Write out the full set of records exactly. Any pictures in them do not belong in the copy.

^^^^^^^^

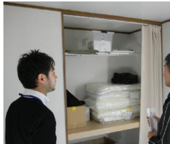
見学会の様子(参加者へ説明する職員)

応急仮設住宅の寒さ対策は、外断熱工事が10月に完了し、12月中には風除室の設置も完了するほか、地元業者を活用しファンヒーターやこたつなどの暖房器具を市町村の実情に応じて各戸に提供することとしており、被災者の住環境の改善に努めています。
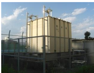
（鋼板製・一体型・屋外設置）
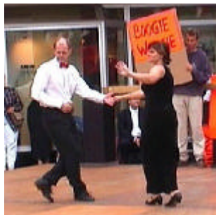
Boogie på Gyllentorget

Ett trettiotal dansare har också under året provat på Boogie-Woogie på de helgkurser vi haft. På Boogie &
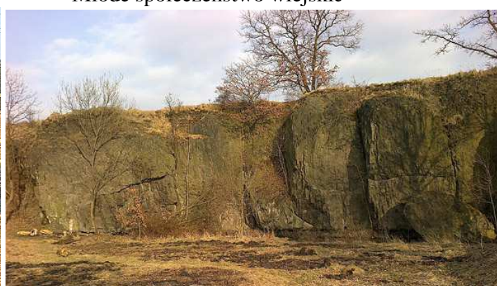
„Debra” – przestrzeń publiczna
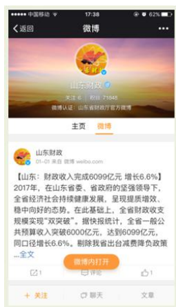
山东财政政务微博

3. 政务微博微信。 自开通“两微一端”以来，累积发布新闻 20392 条，得到广大网民的信任和点赞，做到了“财政故事天天讲，政府形象日日新”。
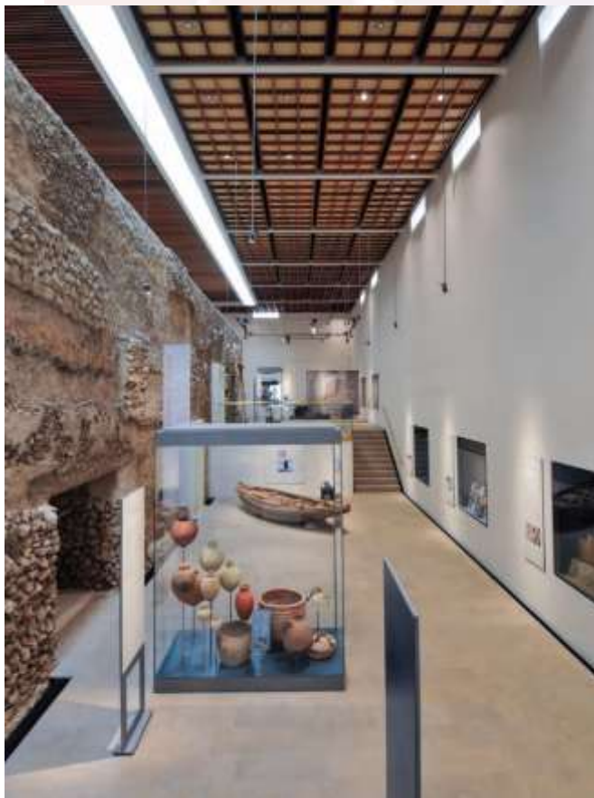
រូបលេខ ៨ ៖ សារមន្ទីរនៅក្បែរ Qal'at al- Bahrain
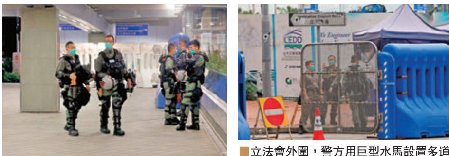
全副裝備警員巡邏。
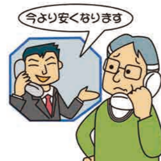
消費者庁イラスト集より

通信販売にはクーリング・オフ制度はありません。解約や返品などは、事業者が定めた利用規約(返品特約)に従うことになります。定期購入だとは思わなかった「飲んでも効かない」からと一方的に受取拒否
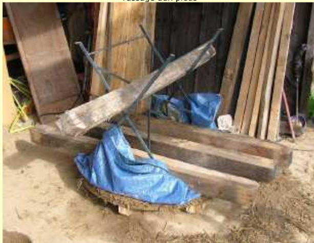
Tassage à la table de jardin !
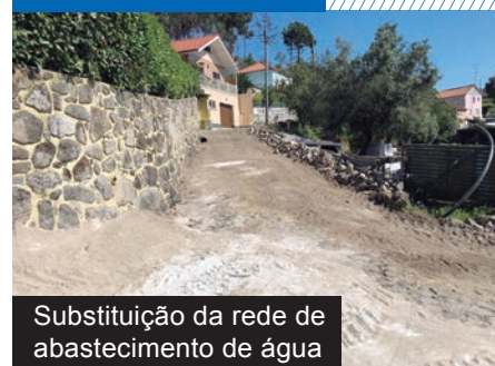
Substituição da rede de abastecimento de água
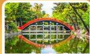
ศาลเจ้าสุมิโยชิ โทเมะ
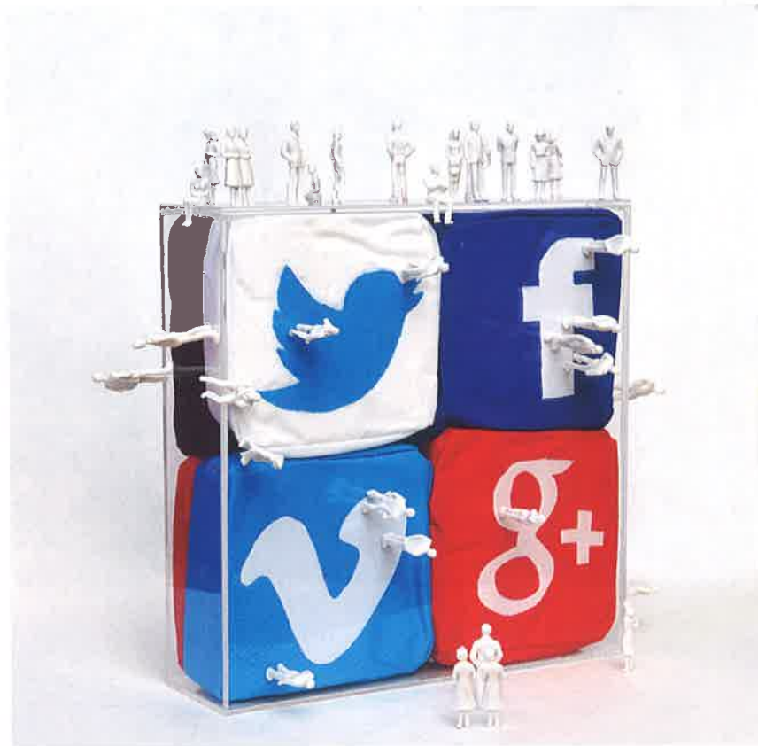
Lucia Cannone , Follow me , 2014, installazione, materiali vari, 25x25x10 cm
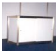
Ref. 113 taulell 100x100x50 cm 19,70 €
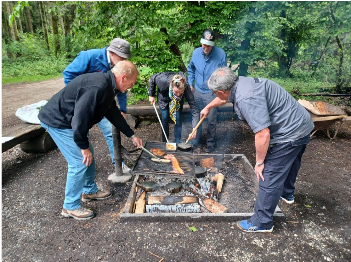
Es wurde eifrig gegrillt und mit den Pfännli gekocht
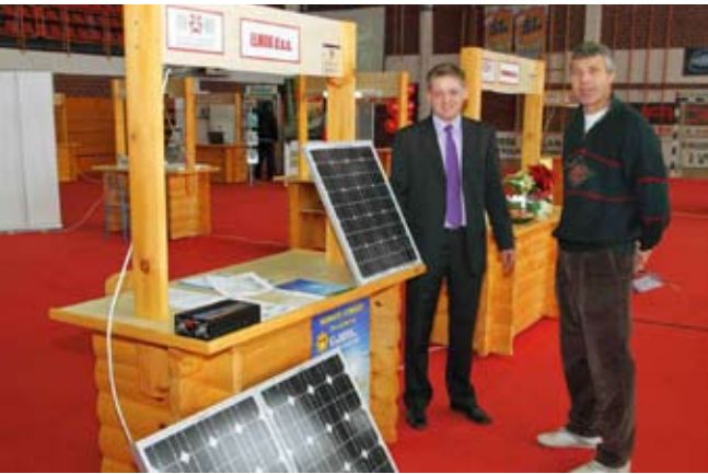
Gospodarski sajam održan je u sportskoj dvorani Srednje škole
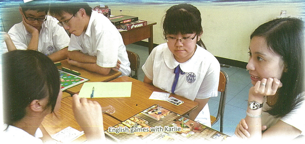
English games with Karlie
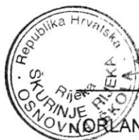
ORLANDO BALIČEVIĆ, RAVNATELJ)

Zapisnikom se utvrđuje da predstavnici proračunskog korisnika OŠ Škurinje preuzimaju rashodovanju imovinu kako slijedi:
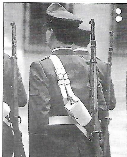
Les forces militars segueixen éssent un perill per a les democràcies llatinoamericanes.

En una de les seves darreres declaracions va dir que "si los miembros de la Corte Suprema que dictaron la sentencia en mi contra no presentan su renuncia pronto, yo mismo me encargaré de sacarlos a patadas." Les seves paraules
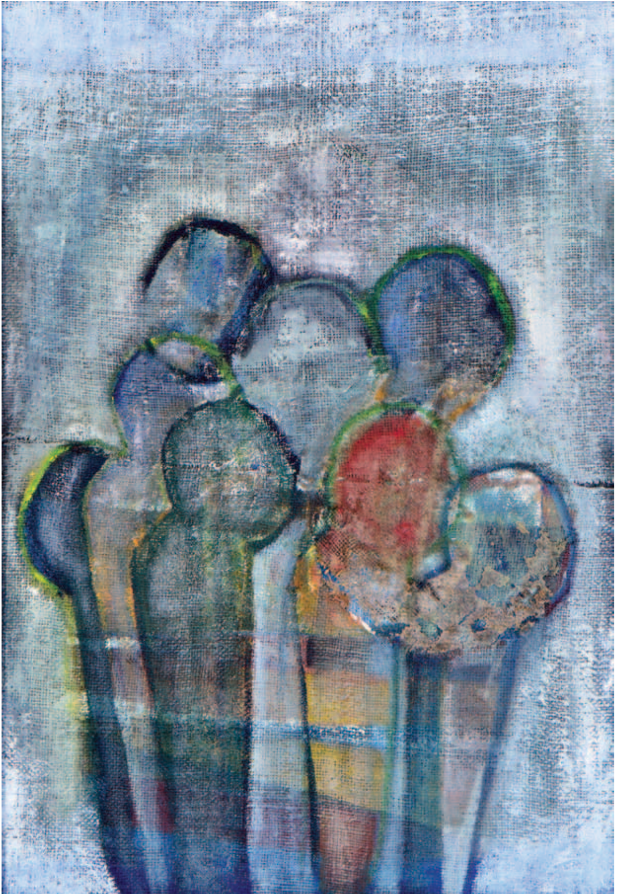
DÓCZI VIRÁG, Árnyak, 2011
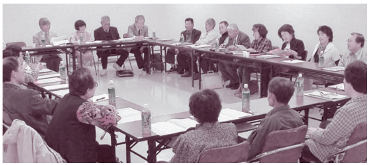
分散会で議案を深めあう

^^^^^^^^

• _Exercise answer_
見学会の様子(参加者へ説明する職員)

応急仮設住宅の寒さ対策は、外断熱工事が10月に完了し、12月中には風除室の設置も完了するほか、地元業者を活用しファンヒーターやこたつなどの暖房器具を市町村の実情に応じて各戸に提供することとしており、被災者の住環境の改善に努めています。
（鋼板製・一体型・屋外設置）
Boogie på Gyllentorget

Ett trettiotal dansare har också under året provat på Boogie-Woogie på de helgkurser vi haft. På Boogie &
„Debra” – przestrzeń publiczna
山东财政政务微博

3. 政务微博微信。 自开通“两微一端”以来，累积发布新闻 20392 条，得到广大网民的信任和点赞，做到了“财政故事天天讲，政府形象日日新”。
រូបលេខ ៨ ៖ សារមន្ទីរនៅក្បែរ Qal'at al- Bahrain
全副裝備警員巡邏。
消費者庁イラスト集より

通信販売にはクーリング・オフ制度はありません。解約や返品などは、事業者が定めた利用規約(返品特約)に従うことになります。定期購入だとは思わなかった「飲んでも効かない」からと一方的に受取拒否
Tassage à la table de jardin !
Substituição da rede de abastecimento de água
ศาลเจ้าสุมิโยชิ โทเมะ
Lucia Cannone , Follow me , 2014, installazione, materiali vari, 25x25x10 cm
Ref. 113 taulell 100x100x50 cm 19,70 €
Es wurde eifrig gegrillt und mit den Pfännli gekocht
Gospodarski sajam održan je u sportskoj dvorani Srednje škole
English games with Karlie
ORLANDO BALIČEVIĆ, RAVNATELJ)

Zapisnikom se utvrđuje da predstavnici proračunskog korisnika OŠ Škurinje preuzimaju rashodovanju imovinu kako slijedi:
Les forces militars segueixen éssent un perill per a les democràcies llatinoamericanes.

En una de les seves darreres declaracions va dir que "si los miembros de la Corte Suprema que dictaron la sentencia en mi contra no presentan su renuncia pronto, yo mismo me encargaré de sacarlos a patadas." Les seves paraules
DÓCZI VIRÁG, Árnyak, 2011
分散会で議案を深めあう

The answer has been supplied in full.